If a user has a rownamed matrix and wants a tibble with those rownames in it (e.g. confusion matrices from the randomForest package), they have to convert to a base data.frame first

mtmatrix %>%
  as.data.frame() %>%
  as_tibble() %>%
  rownames_to_column("rname")

Fixing this bug would remove the need for the as.data.frame() call, and make the steps match those for doing the same with a data.frame, e.g.

mtcars %>%
  as_tibble() %>%
  rownames_to_column("rname")

This only saves one step, but standardizing the tibble interface across matrices and data.frames where possible seems like a worthy UX improvement.

Session Info

Used newest github version to make sure this wasn't fixed already

devtools::session_info("tibble")
#> Session info --------------------------------------------------------------
#>  setting  value                       
#>  version  R version 3.4.1 (2017-06-30)
#>  system   x86_64, linux-gnu           
#>  ui       X11                         
#>  language (EN)                        
#>  collate  en_US.UTF-8                 
#>  tz       America/New_York            
#>  date     2017-08-02
#> Packages ------------------------------------------------------------------
#>  package * version    date       source                           
#>  Rcpp      0.12.12    2017-07-15 cran (@0.12.12)                  
#>  rlang     0.1.1      2017-05-18 CRAN (R 3.4.0)                   
#>  tibble  * 1.3.3.9001 2017-08-02 Github (tidyverse/tibble@12767ae)

Activity

ClaytonJY

ClaytonJY commented on Aug 2, 2017

@ClaytonJY
Author

Looks like this conversion is done in C-land with matrixToDataFrame; does the fix need to happen in there?

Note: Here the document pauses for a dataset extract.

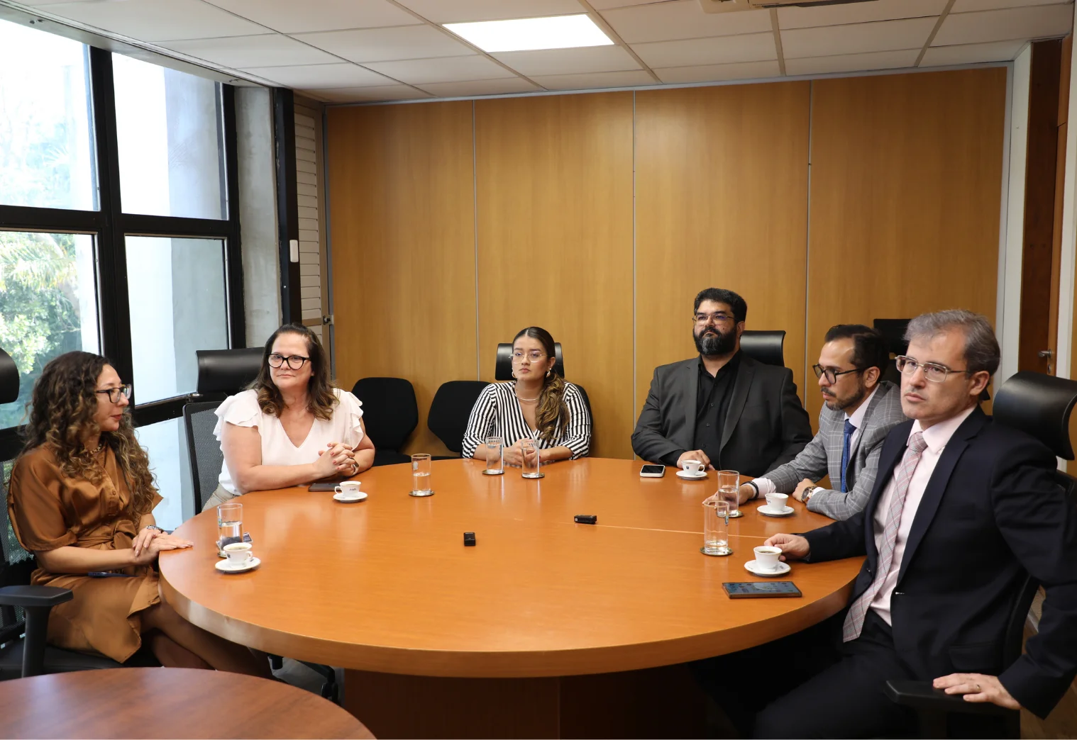 Também participaram da reunião a gestora negocial do eproc no Tribunal, Deborah Mussi Salomão; o presidente da Comissão Especial de Acompanhamento dos Juizados Especiais (CEAJE), Luiz Fernando Espíndola Bino; a presidente da Comissão de Inovação e Tecnologia Jurídica (CITJ), Leide Thaiana Dias da Silva; e o presidente da Comissão de Direito Digital e Startups (CDDS), Raphael Sérgio Rios Chaia Jacob.

That's a bit outside my skills, but I can try re-setting the attribute after the conversion, inside as_tibble.matrix, and put that in a PR with a test or two.

krlmlr

krlmlr commented on Sep 12, 2017

@krlmlr
Member

Thanks. I agree that there is some inconsistency, but I'd rather not support row names in tibbles altogether. We may want to give a warning at some point, so there seems to be no point in enabling this functionality now.

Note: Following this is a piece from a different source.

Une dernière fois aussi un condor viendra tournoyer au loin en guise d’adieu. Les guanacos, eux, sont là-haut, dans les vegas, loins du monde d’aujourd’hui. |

We may want to consider adding a key argument instead, once we figure out support for keys (tidyverse/dplyr#1792), a special value would then convert the row names to a column and also work for matrices.

ClaytonJY

ClaytonJY commented on Sep 12, 2017

@ClaytonJY
Author

@krlmlr I think the key idea is really interesting, and something I've definitely missed from data.table, so it's exciting to see work in that direction.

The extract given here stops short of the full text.